Polyethylene glycol (PEG) has become an important polymer material in the pharmaceutical field due to its excellent biocompatibility, low toxicity, and tunable physicochemical properties. By copolymerizing with other molecules or polymers, PEG can enhance the solubility, stability, and bioavailability of drugs, particularly exhibiting significant advantages in improving the half-life and targeting of drugs. PEG copolymers effectively reduce immune responses to drugs in the body, enhance therapeutic efficacy, and minimize adverse reactions. Therefore, PEG copolymers not only show potential in traditional drug delivery but also play an increasingly important role in novel therapeutic areas such as nanoparticle drug carriers, vaccine delivery, and antibody-drug conjugates (ADCs). With further research into PEG copolymers, their application prospects in drug delivery systems will become even broader and more diversified.

What are Block Copolymers?

Block copolymers are a type of important multiphase system that has gained significant attention from physicists, chemists, and biologists in recent years due to their favorable properties. They are widely used in industries such as pharmaceuticals, construction, and chemicals.
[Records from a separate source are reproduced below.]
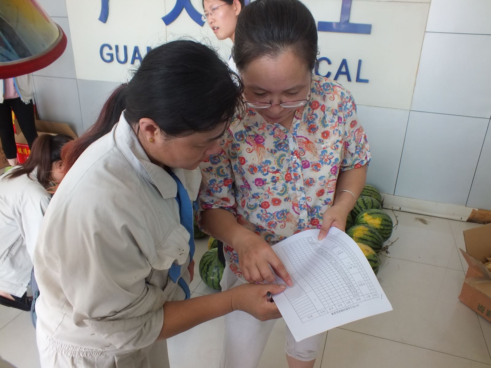 經(jīng)過一上午的準(zhǔn)備,所有的西瓜在整齊擺放,讓員工們第一時間吃上清涼可口的西瓜,緩解炎熱高溫帶來的疲憊。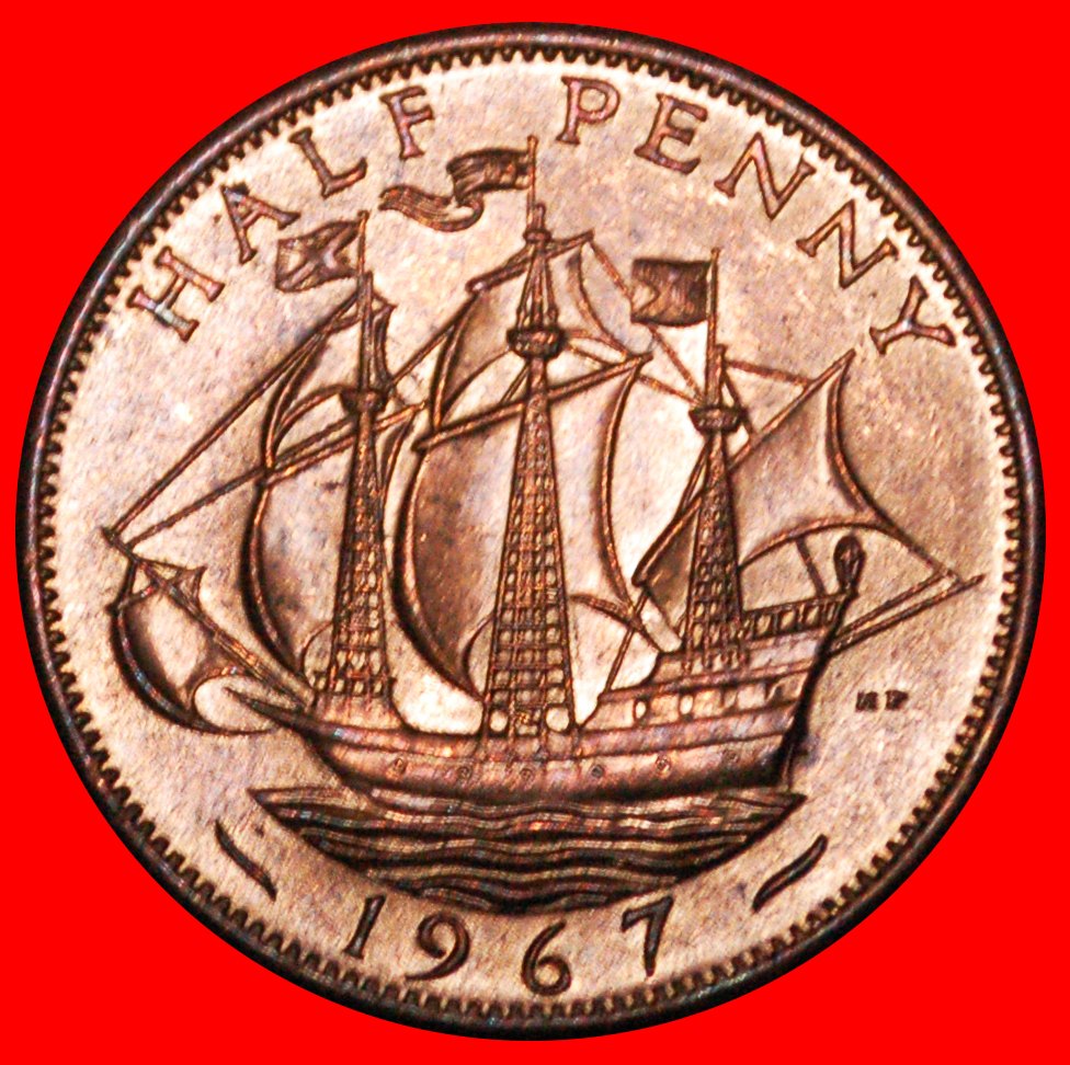* SCHIFF (1954-1970): GROSSBRITANNIEN ★ 1/2 PENNY 1967 STG STEMPELGLANZ! BREITER RAND! UNGEWÖHNLICH! ELISABETH II. (1953-2022) OHNE VORBEHALT!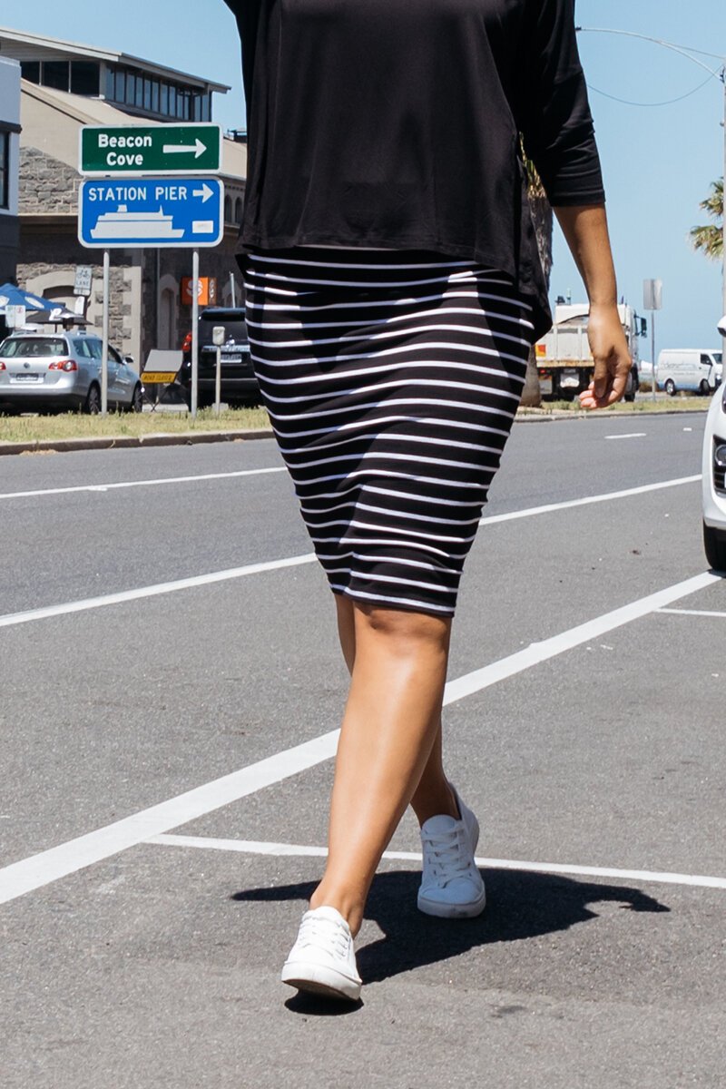 The Alicia Midi Skirt has the length of the century- mid calf.  An affordable basic skirt, great to pull on and wear with your long line floaty tops, or pull it over, and show off your baby bump. Great with a cropped casual tee, sweater or knit jumper or a smart blouse, sneakers, boots, tights, the options are endless!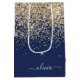 Saco de Presente Monograma de Glitter Azul Marinho e Dourado. Isso torna o presente perfeito para os 16 anos, casamento, chá de noiva, aniversário, chá de bebê ou festa de despedida de solteira para alguém que ama luxo e estilos chiques.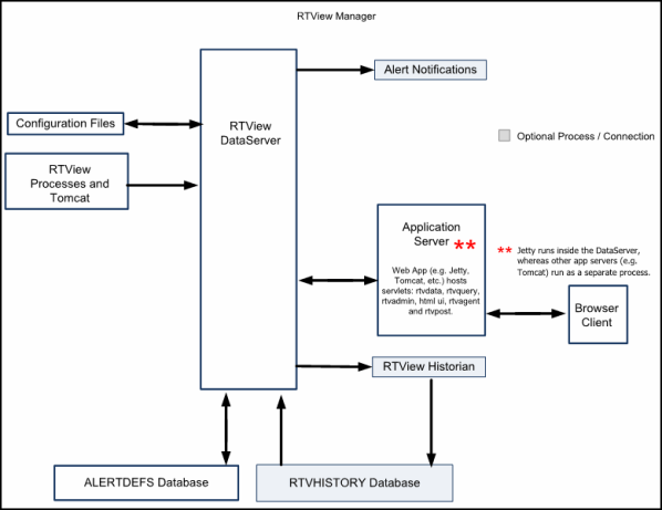 RTViewCentral includes the RTView Manager, which runs as a separate process to monitor the Central Server, all integrated RTViewDataServers, and Tomcat. The RTView Manager monitor is accessible in Tomcat at http://host:port/rtview-manager and also in Jetty that is running in the RTView Manager data server at http://localhost:3070/rtview-manager.

Block copolymers are formed by the head-to-tail connection of two or more macromolecules with different chemical structures and physical-chemical properties. Each segment of the polymer that constitutes a block copolymer is referred to as a "block." Due to the inherent differences in the hydrophilicity, solubility, and physicochemical properties of the polymer blocks, block copolymers can form various microstructures. Block copolymers are typically represented by A-B type two-block copolymers, A-B-C type or A-B-A type three-block copolymers, -(-A-B-)n- type multiblock copolymers, cyclic block copolymers, and star-branched copolymers, etc.

Fig. 1. PEG-PLGA copolymers (J Control Release. 2014, 183: 77-86).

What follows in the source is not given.